Рубакин Николай Александрович. Хрестоматия
Шрифт:
Надо всем этим людям эту силу теперь же дать или, по крайнее мере, давать, давать и давать самым энергичным образом. ‹…› Необходимо распространять и распространять не только книги, но и знание о книгах – и о методах их распространения, о их производстве, круговращении, распределении, о их чтении. Нужно дать знания и о тех способах, с помощью которых каждый человек действительно может отыскать по любому вопросу, интересующему его в данное время, такую книгу, которая «именно ему даст то, что нужно ему»…‹…›
‹…› Теперь всякий может найти такую книгу, которая действительно захватит его душу, возбудит его мысль и даст ему действительно ценное, обширное, научное, достоверное знание и понимание, поскольку это уже сделалось достоянием современной науки и литературы. «Есть, словно для вас лично приготовленная, такая книга – ищите! Найдите ее и прочтите – и сделаетесь от этого не только просвещеннее, но и сильнее».
Но как ее находить, эту книгу, эту самую нужную, самую подходящую для данного читателя, в данный момент, в данной обстановке его личной, а также общественной и исторической жизни? И где искать-то? И какими методами, приемами и способами? Вот вопросы, которые подлежат подробному и возможно точному
В этом нашем труде мы ставим себе нижеследующие задачи:
Во-первых, помочь читателям и всем работникам книжного дела в их знакомстве с общей наличностью русских книжных богатств.

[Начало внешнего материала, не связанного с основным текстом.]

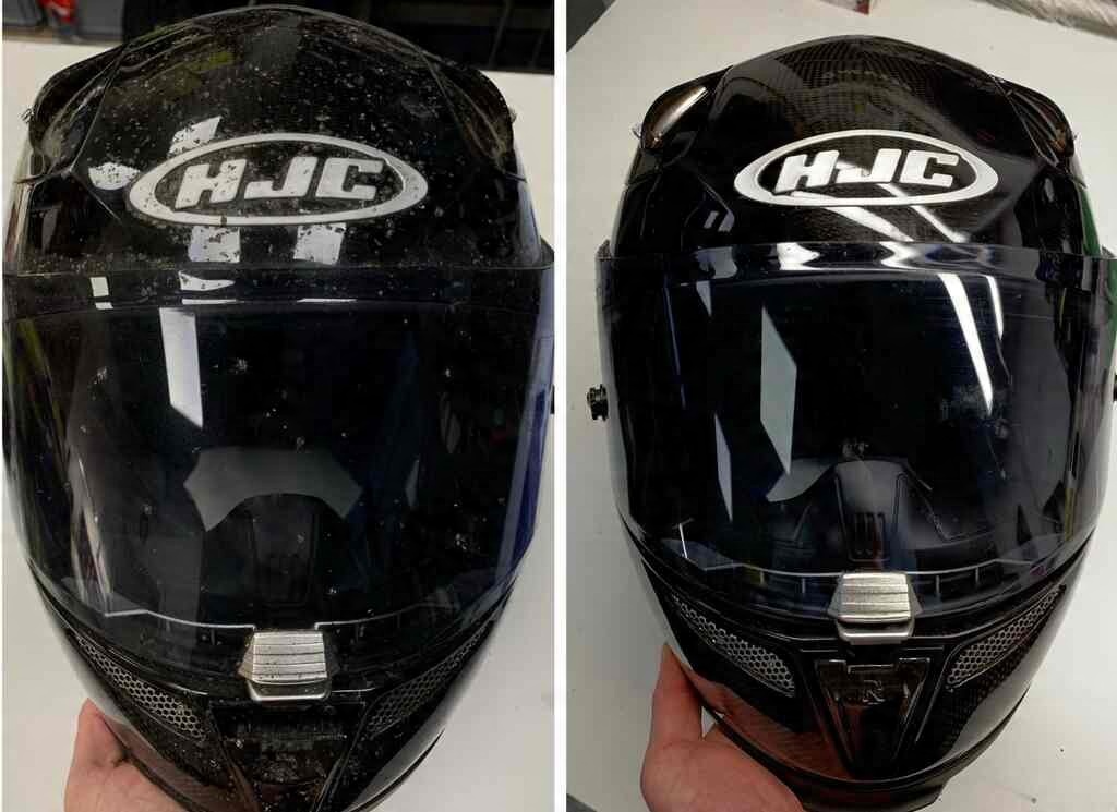 Применение препарата чрезвычайно просто. Равномерно распределите по поверхности шлема с помощью специального аппликатора. В случае стойких загрязнений оставьте гель на некоторое время, а затем удалите грязь мягкой тканью из микрофибры. Он работает быстро и эффективно, поддерживая состояние шлема и обеспечивая кристальную чистоту визора.

Во-вторых, помочь их знакомству с распределением этих книжных богатств по разным отраслям знания.
В-третьих, помочь знакомству их с книжными богатствами в каждой отрасли знания в отдельности и освещающими каждую область жизни.

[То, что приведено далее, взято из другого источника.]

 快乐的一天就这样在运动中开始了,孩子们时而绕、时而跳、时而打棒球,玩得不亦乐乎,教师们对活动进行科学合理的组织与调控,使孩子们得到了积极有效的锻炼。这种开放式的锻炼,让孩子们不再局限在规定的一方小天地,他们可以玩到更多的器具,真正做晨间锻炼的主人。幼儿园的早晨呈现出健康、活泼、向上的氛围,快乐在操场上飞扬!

В-четвертых, познакомить, хотя бы в самых общих, основных чертах, с распределением этих богатств в пространстве и времени, т. е. по странам и по эпохам, по национальностям, их создававшим, и по историческим периодам, с которыми совпало это созидание.
В-пятых, помочь внутренней идейной оценке этих богатств с исторической точки зрения, с точки зрения истории научно-философских и литературно-общественных идей, находящих в этих книжных богатствах свое отражение и выражение.
В-шестых, помочь знакомству, тоже хотя бы в самых общих чертах, с наиболее выдающимися произведениями и литературными именами в каждой отдельной области, с наиболее известными авторами, работающими в данной отрасли литературы и науки и, по возможности, с их теориями, по крайней мере главнейшими из них, излагая эти последние цитатами из их собственных произведений.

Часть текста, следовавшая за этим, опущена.